Enhance explanation of transformer benefits and TabPFN design

StatMixedML · web-flow · commit 2c2f109dedfe · 2025-09-12T12:02:44.000+02:00
Clarify the advantages of transformers for tabular datasets and explain the role of the MLP in TabPFN.
diff --git a/annotated/annotated nanoTabPFN.md b/annotated/annotated nanoTabPFN.md
@@ -164,8 +164,8 @@ Through in-context learning, transformers can:
 
 ### **Scalable Parallelization**
 Unlike sequential models, transformers offer:
-- Parallelization across sequence length during training
-- Efficient batch processing on modern hardware (GPUs)
+- One-step computation across the full sequence: self-attention eliminates sequential dependencies, enabling all token–token interactions to be computed in a single set of matrix multiplications
+- Full exploitation of GPU parallelism: large batched matrix multiplications allow efficient use of modern hardware, with parallelism across batches and attention heads
 
 These advantages make transformers well-suited for foundation models for diverse tabular datasets without task-specific modifications.

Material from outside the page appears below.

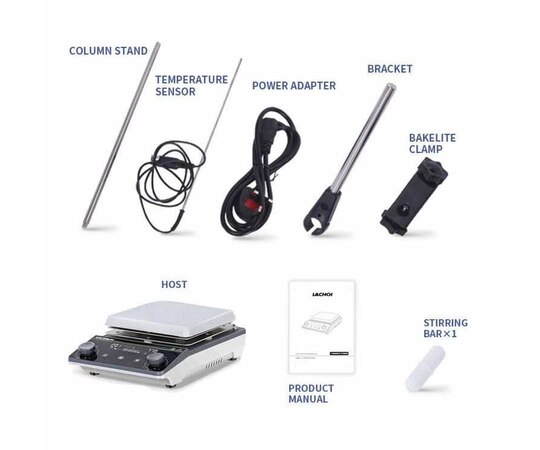 Power adapter, 1×stir bar, temperature sensor rod and mount bracket

While challenges remain - particularly the quadratic complexity for large datasets - the flexibility, and expressiveness make transformers the architecture of choice for tabular foundation models. It is important to note that TabPFN uses only the transformer encoder because tabular prediction is a task where we need to classify/regress all test samples simultaneously based on the provided context, not generate outputs sequentially like in language generation. The "decoder" in TabPFN is simply a MLP that maps the enriched target embeddings from the transformer encoder to final predictions - it's not a transformer decoder at all. This design mirrors architectures where transformer encoders extract rich representations that are then passed through task-specific heads, rather than GPT-style decoders that generate tokens autoregressively.